- Release poster
- Directed by: Raj Kanwar
- Screenplay by: Anees Bazmee
- Based on: Anuraga Aralithu
- Produced by: Nitin Manmohan
- Starring: Sridevi; Anil Kapoor; Raveena Tandon;
- Cinematography: Harmeet Singh
- Edited by: A. Muthu
- Music by: Anand–Milind
- Release date: 25 March 1994;
- Country: India
- Language: Hindi
- Budget: ₹2.50 crore (equivalent to ₹16 crore or US$1.7 million in 2023)
- Box office: ₹17.43 crore (equivalent to ₹115 crore or US$12 million in 2023)

= Laadla (1994 film) =

1994 film by Raj Kanwar

Laadla is a 1994 Indian Hindi-language drama film directed by Raj Kanwar, based on a screenplay written by Anees Bazmee. The film stars Sridevi and Anil Kapoor while Raveena Tandon, Anupam Kher, Farida Jalal, Shakti Kapoor, Prem Chopra, Aruna Irani, Mohnish Bahl and Paresh Rawal play supporting roles.The film is the remake of Kannada film Anuraga Aralithu (1986).

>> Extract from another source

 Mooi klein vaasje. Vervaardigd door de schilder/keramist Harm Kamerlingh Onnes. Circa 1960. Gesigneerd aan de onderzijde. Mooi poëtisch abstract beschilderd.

The film initially starred Divya Bharti as the female lead, and she had shot most of the film. However, due to her sudden death in 1993, the film was reshot with Sridevi replacing her. In the film, a headstrong factory owner marries the union leader of her factory to quell his spirit and teach him a lesson. In the process, she ends up learning a few lessons herself.

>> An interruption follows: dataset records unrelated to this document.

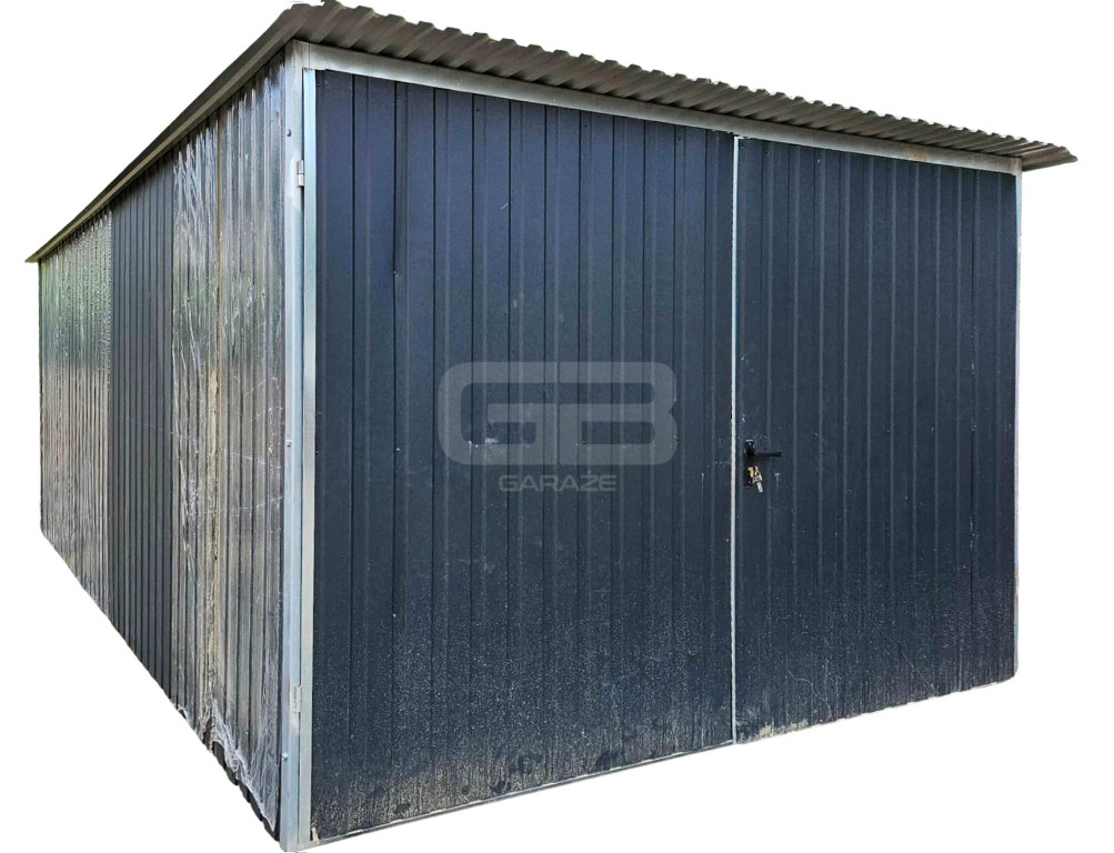 Blaszany garaż 3×5 m II gat – garaż budowlany – wolnostojący – brama – dach spad w tył GB107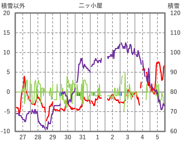 | 日 | 時 | 気温 | 降水 | 風向/風速 | 日照 | 積雪 | 降雪 |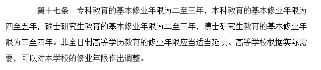根据国家高等教育基本制度规定,硕士研究生教育的基本修业年限为二至三年,博士研究生教育的基本修业年限为三至四年。非全日制高等学历教育的修业年限应当适当延长。高等学校根据实际需要,可以对本学校的修业年限作出调整。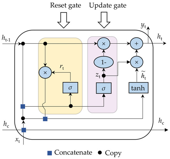 where h t represents the new hidden state. It can be seen that the update gate regulates the amount of new information that is stored in the hidden state, and also determines the degree to which the historical information should be retained or discarded.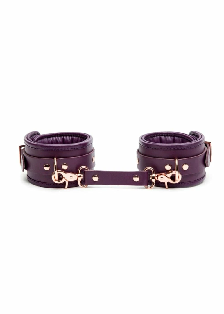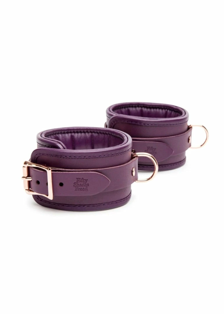 Purple leather padded ankle restraints. The Cherished Collection offers a variety of accessories for new and experienced lovers looking for kink.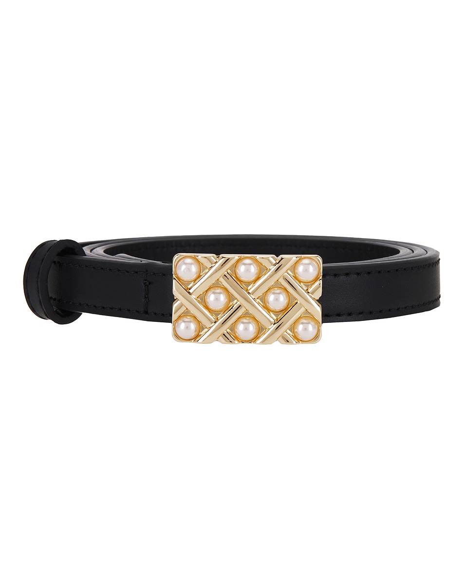 Застежка на пряжку золотистого тона, украшенная искусственным жемчугом.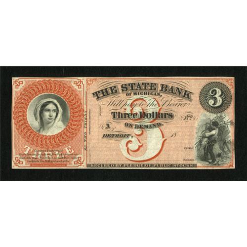 <B>Detroit, MI- State Bank </B></I>$3 18__ G6a<BR> An attractive remainder with a lone corner tip fold accounting for the grade. <B>Choice About Uncirculated. </B></I><BR><I>From The Collection of a Louisiana Gentleman</B></I><BR><BR><b>Shipping:</b> Coins & Currency (<a target="_blank" href="http://www.heritageauctions.com/common/shipping.php">view shipping information</a>)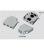 Optický box 12C DIN 6xSCDuplex Popis produktu: Optický rozvaděč/box pro umístnění na DIN lištu šedé barvy pro max. 6 SC duplex spojek, kovový se šroubovatelným víkem pro zakončení max. 12 optických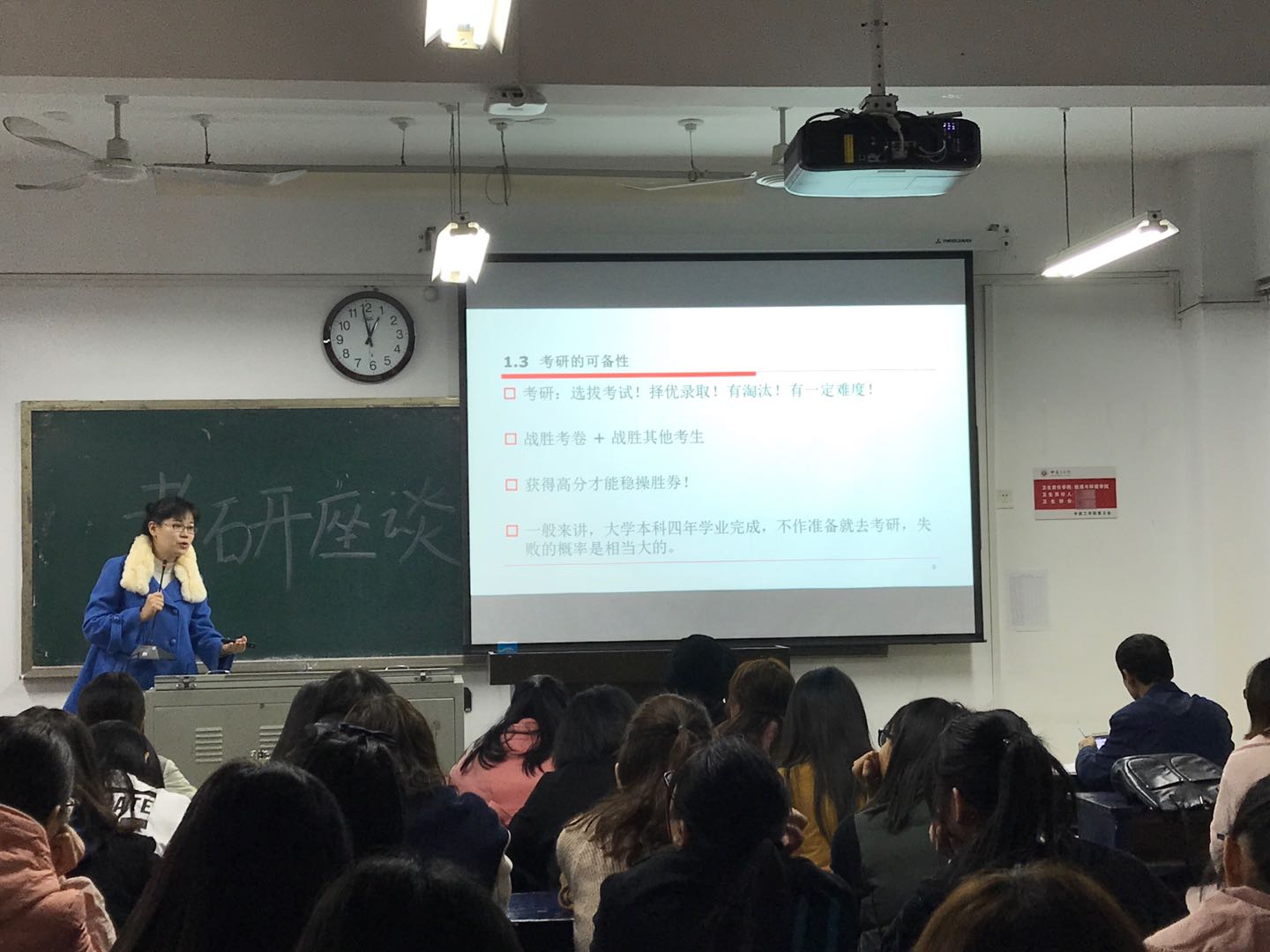 考研一方面是综合能力的提升,同时也是实现自我价值的重要途径。为自己的更好发展打下基础,无论是在个人还是国家层面,研究生教育都是至关重要的。在如何准备考研方面,郭博士强调员工们必须做到未雨绸缪,后期才会从容不迫。在备考过程中也应该打下坚实的英语语言基础、深化专业课学习、不仅看单科分数,也要看总分、重视复试。同时关于考研的具体流程,郭老师也在会上做了具体的讲解。通过郭博士的分析,使得同学们更深一步的做到全面了解考研以及在考研准备过程中更加明晰应注意的问题。

Laadla was released theatrically on 25 March 1994 and became one of the highest-grossing films of the year. Sridevi's performance in a negative role as Sheetal Jaitley was widely acclaimed and earned her a nomination for the Filmfare Award for Best Actress, while Tandon's performance fetched her a Filmfare Award for Best Supporting Actress nomination.

==Plot==
Raj "Raju" Verma lives with his disabled and paralyzed mother, Gayatri. Before a job interview, he saves textile mill owner Laxminarayan Jetley, who offers him a job in his factory run by his ambitious daughter, Sheetal. Her competitive attitude and open insults of staff earns her several enemies, including her henchman Tilak Bhandari, whom she often slaps and insults.

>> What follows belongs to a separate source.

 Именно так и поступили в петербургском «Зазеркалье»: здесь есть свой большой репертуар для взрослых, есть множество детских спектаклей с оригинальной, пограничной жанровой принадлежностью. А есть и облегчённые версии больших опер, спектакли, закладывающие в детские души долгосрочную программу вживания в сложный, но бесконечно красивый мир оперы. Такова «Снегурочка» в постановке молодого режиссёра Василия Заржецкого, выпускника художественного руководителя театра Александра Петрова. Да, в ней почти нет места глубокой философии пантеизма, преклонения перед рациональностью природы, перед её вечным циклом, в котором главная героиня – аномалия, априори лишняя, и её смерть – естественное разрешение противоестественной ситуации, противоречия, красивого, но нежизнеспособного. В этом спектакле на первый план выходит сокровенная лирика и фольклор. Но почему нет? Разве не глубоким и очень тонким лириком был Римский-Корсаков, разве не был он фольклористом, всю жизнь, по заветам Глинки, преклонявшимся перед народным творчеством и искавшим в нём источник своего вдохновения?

As a mechanic, Raju confronts her several times about the proper treatment of workers. She is enraged when he turns union leader. Raju falls for the mill's modest worker Kajal. Suryadev, a competing owner, tries to eliminate Sheetal. Charismatic, Raju guides her on how to handle rivals and workers. Egoistic and angered, Sheetal slaps him, who retaliates by reaching her cabin and slapping her back to back.

Sheetal cannot fire Raju, as then she would have to admit and give a proper reason. Vengeful, she convinces Gayatri to get her married to Raju. Reluctantly, on Gayatri's order, Raju sacrifices his love for Kajal and marries Sheetal. He lives in his own house and works as a mechanic but moves to Sheetal's luxurious house later, upon Gayatri's request. Slowly, he falls in love with Sheetal.

Kajal turns caretaker of Gayatri, which results in the betterment of Gayatri's health. Tensions arise when Sheetal eliminates Kajal, seeing Raju kissing her forehead. Later, labour issues cause the workers to go on strike. A competing mill owner, for personal benefit, hires people to set it on fire. Raju is mistakenly arrested, and Gayatri visits Sheetal's house to clarify the matter.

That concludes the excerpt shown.